Panel is charged with reviewing state’s ‘secret courts’
A top court official has appointed a committee to evaluate potential changes to the state’s confidential clerk magistrate hearings, following the Globe’s Spotlight Team reports that highlighted uneven outcomes and potential abuses within the system.
Trial Court Chief Justice Paula Carey convened a “Trial Court Working Group” to review the way these hearings operate, according to court spokeswoman Jennifer Donahue. These hearings are designed for clerks to determine whether there is sufficient evidence to issue criminal charges for arraignment.
The seven-member committee is made up of clerk magistrates and judges from across the district and municipal court system. It is led by former Worcester District Court judge and East Brookfield clerk magistrate Paul LoConto and Judge Kenneth Fiandaca of the Boston Municipal Court.
Dan Hogan, the clerk magistrate of Boston Municipal Court’s central division and the president of the clerks association who serves on the new panel, said it’s too early to say what specific changes it may recommend. Donahue said she did not have further details on the group’s mission.
Supreme Judicial Court Chief Justice Ralph Gants and court leadership declined to comment on the committee through a spokeswoman, citing ongoing litigation filed by the Globe in October. The suit asks the state’s highest court for access to files from thousands of private hearings in which clerks rejected charges even after finding there was “probable cause” to issue criminal charges.
The committee was formed after the Globe Spotlight Team’s report “Inside our secret courts,” which found a haphazard system of justice in this part of the legal system. In Worcester District Court, for example, nearly 82 percent of cases were approved in 2016 and 2017, while less than 19 percent of cases were approved in Chelsea District Court during the same period. The report also found some evidence of racial disparities in which cases were selected for clerk magistrate hearings and how those cases were decided.
Massachusetts is unique across the country in this system of closed criminal hearings, according to the Globe’s review. Clerks, many of whom lack law degrees, determined outcomes for accusations as serious as rape, motor vehicle homicide, and kidnapping — and refused to issue charges in thousands of criminal cases, even when they concluded there was enough evidence for the case to go forward. More than one of eight charges considered in clerks’ hearings in the second half of 2017 were felonies, and clerks rejected nearly 62,000 requests for charges over the past two years.

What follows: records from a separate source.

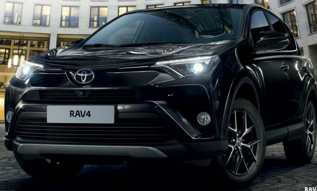
RAV4 Design avec système de vision 360° en option.

Avec le moteur essence 151 VVT-i, en boîte manuelle 6 vitesses ou Multidrive S CVT, profitez des larges possibilités d'un 4 x 4 polyvalent à toute épreuve.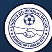
UNIDOS DO VIRGÍLIO BASSO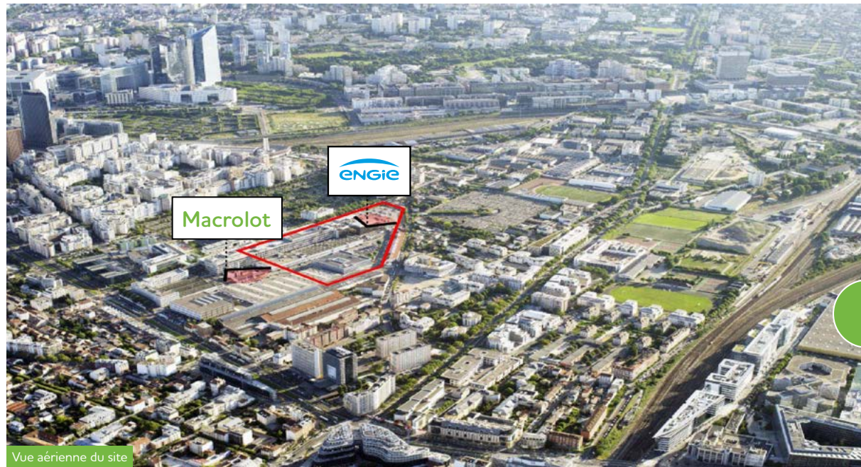
Vue aérienne du site

À l'entrée de la ville, le paysage urbain se transforme. Après avoir cessé son activité en 2018, l'ancienne usine PSA fait place nette pour accueillir dans les prochaines années un nouveau quartier plus mixte, plus vert... et plus ouvert.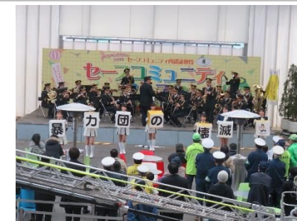
セーフコミュニティフェスタ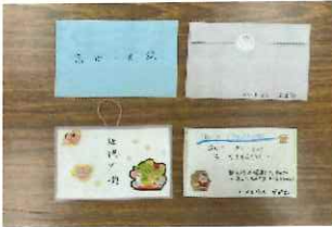
メッセージカードです。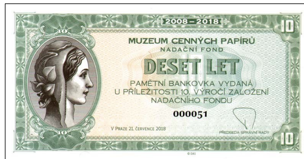
Pamětní bankovka k 10. výročí MCP vydaná 21. července 2018

To zdaleka není vše, co v letošním roce na veletrhu Sběratel uvidíte. Na stánku MCP (č.215) si můžete limitované emise šeků a pamětních bankovek zakoupit, ale v pátek 7. září 2018 v 16.30 hod. proběhne na našem stánku autogramiáda jejich autora, slovenského grafika Mateje Gábríše, který je mj. autorem i nové testovací bankovky nula EUR.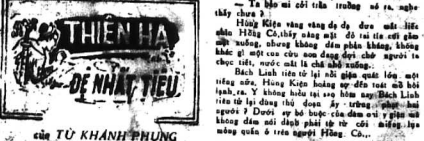
ĐỀ NHÃN TIÊU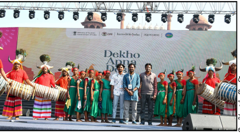
నిర్వహించిన జయతి జయ మామ భారతం కళాకారులు రావడం మాతో కలవడం

అనే కార్యక్రమంలో తెలంగాణ రాష్ట్రం తరపున మా బృందానికి అవకాశం రావడం అలాగే ప్రపంచ గిన్నీస్ రికార్డులో స్థానం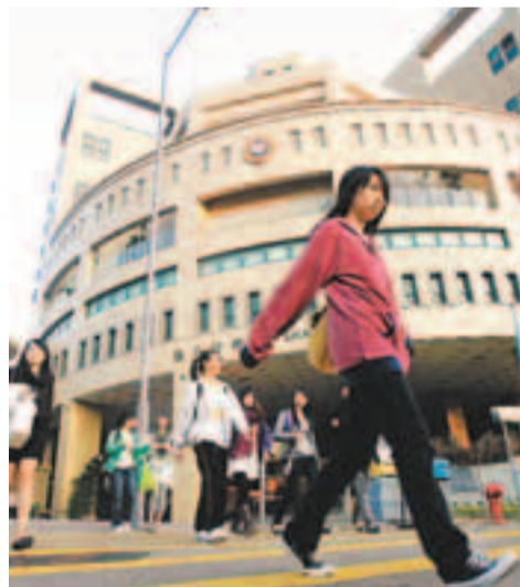
楊潤雄指,南面地皮用途未拍板前,浸大不應拆卸餘下的北部建築物。圖為浸會大學校園。

立法會議員兼浸大政治及國際關係學系副教授陳家洛指,政府上述建議是「想玩一拍兩散」。教育局副局長楊潤雄回應時強調,當局全無不良意圖,指浸大現可繼續就李惠利北部作規劃,因這亦需時2年至3年,局方仍會助浸大爭取撥款。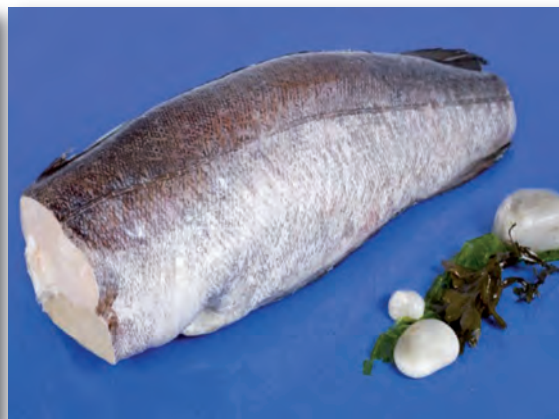
5012 COLAS DE MERLUZA Bolsa 1 kg. (3-4 piezas)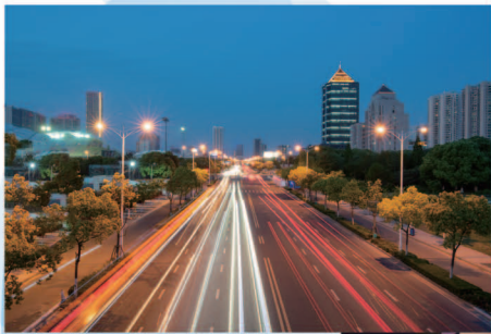
一等奖 肖山水厂 顾敏 / 《城市家园》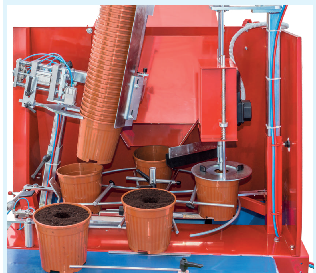
Versión de una cabeza : producción hasta 2400 macetas/hora .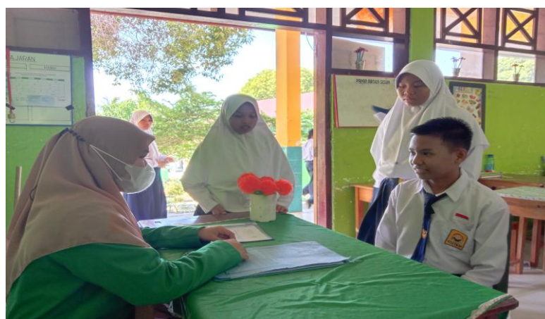
Gambar. 6 Wawancara Peserta Didik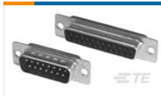
TE 产品编号5-747905-5 9 Rcpt Solder Cup, 30 gold, Ro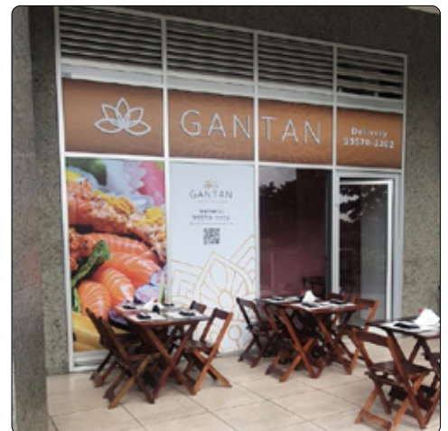
Gantan - Union Mall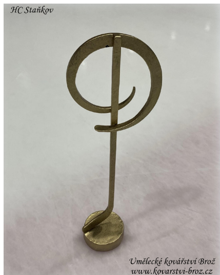
Putovní trofej pro klíčového hráče utkání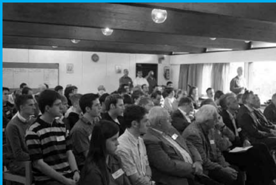
TeilnehmerInnen der Maintaler Tagung

Wir treten für die Fortentwicklung, staatliche Finanzierung und Praktizierung ziviler Konfliktbearbeitung und den gleichzeitigen Abbau von Militär und Rüstungsproduktion als untaugliche und kriegsfördernde Auseinandersetzungsmittel ein.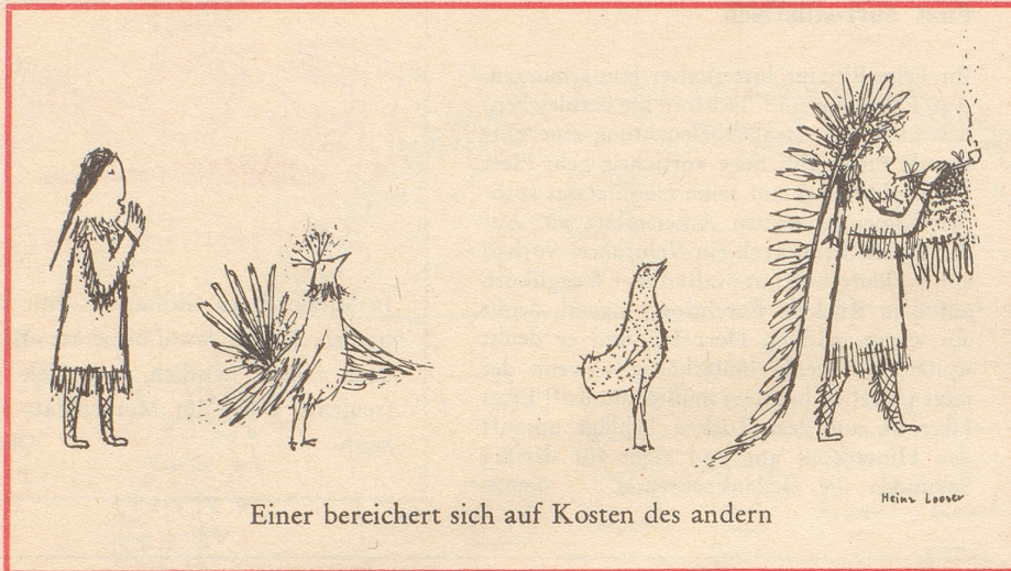
Einer bereichert sich auf Kosten des andern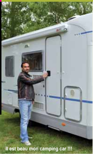
Il est beau mon camping car !!!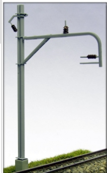
Nm-702.2: RhB Streckenmast mit gebogenem Ausleger und einpoliger Speiseleitung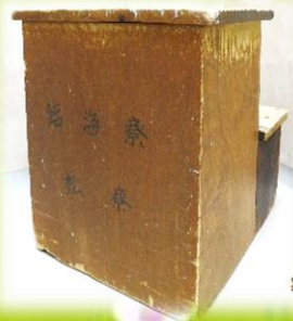
“臨海寮 松寮”とあります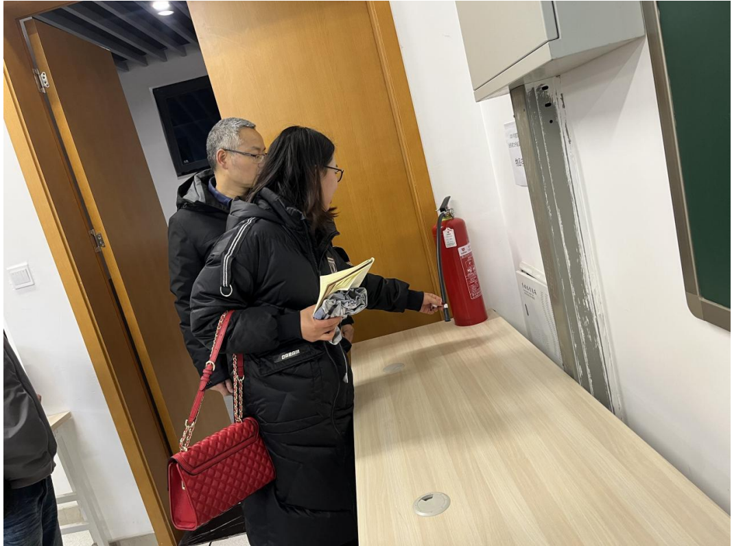
曾安平副部长等对 6 号楼教室进行设施安全检查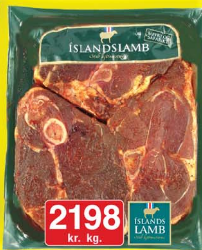
Grill lambalærissneiðar 1.FLOKKUR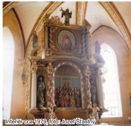
Interiér cca 1979

Keď mesto v roku 1664 dobyli Turci, kostolík stratil svoj účel. Turci barbarsky zničili gotické časti kostola, porozbíjali vytesané rebrá a konzoly klenby. Sekerami zničili aj tesané rebrá gotických oblôk. V dôsledku toho dnes už nemáme ani tušená, aké figurálne motívy boli použité. Potom kostol premenili na mešitu.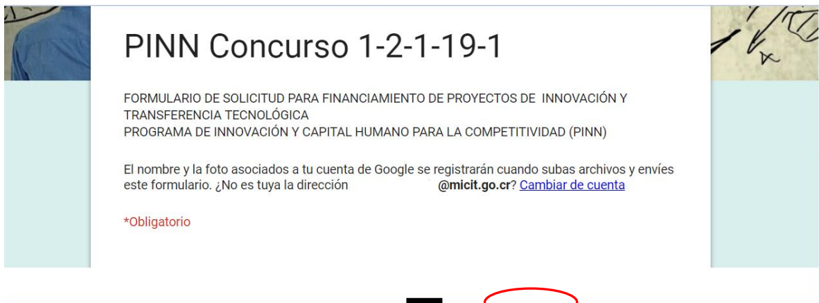
Imagen #4: Aspecto del formulario y cambio de cuenta de Google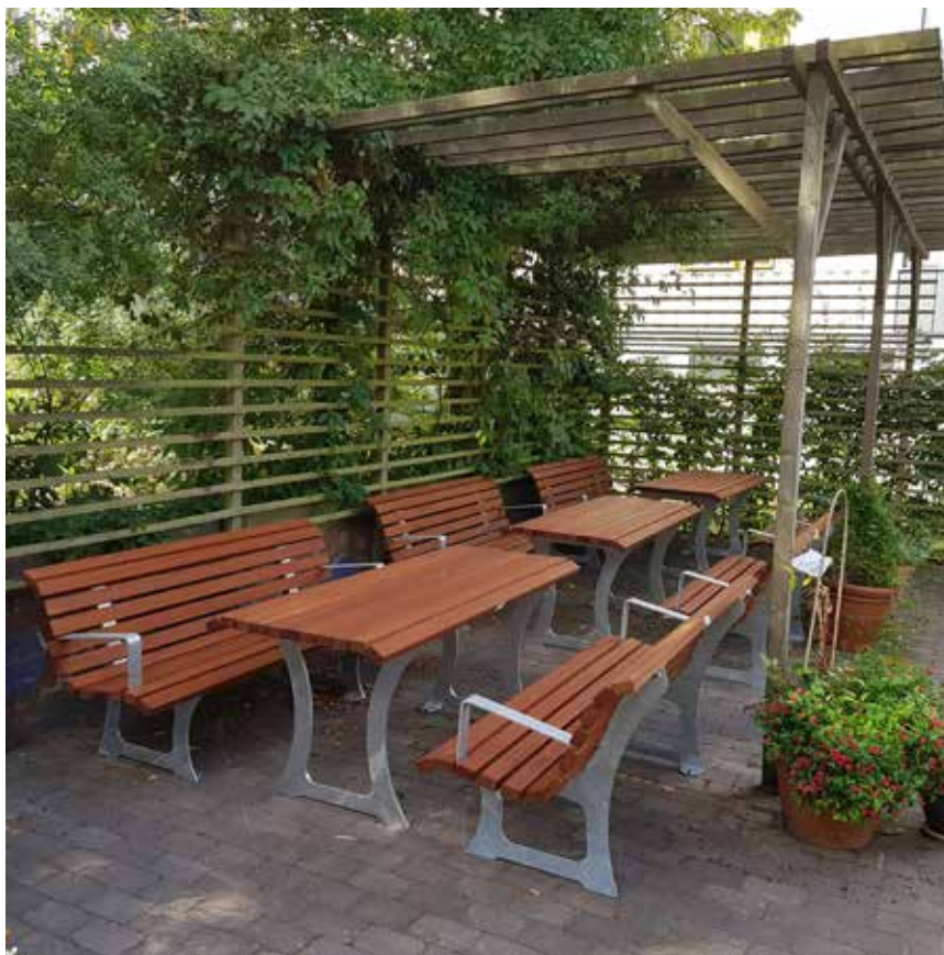
De nya utemöblerna på Rangströmslidens gård

har visat sig att det finns kryphål som katterna kommer igenom.

Both Governor Charlie Baker and legislative leaders have said that the process needs more transparency, and Trial Court Chief Justice Paula Carey recently said the report “raised issues that are worthy of fair consideration.”
Margo Lindauer, director of the Domestic Violence Institute at the Northeastern University School of Law, who has represented victims in clerk’s hearings, said it’s a positive first step that the court is officially studying the issue. But she urged the committee to expand its membership to include prosecutors, defense attorneys, and police detectives who frequently file applications for criminal complaints.
“The focus needs to be on increasing transparency. I think clerk’s hearings should be public or recorded and accessible,” Lindauer said. “And clerks should explain their decisions in writing, especially when they find probable cause but don’t issue a complaint.”
Robert Ambrogi, the executive director of the Massachusetts Newspaper Publishers Association, said he was heartened by the formation of committee, but he also encouraged court officials to seek opinions from the media and the public at large.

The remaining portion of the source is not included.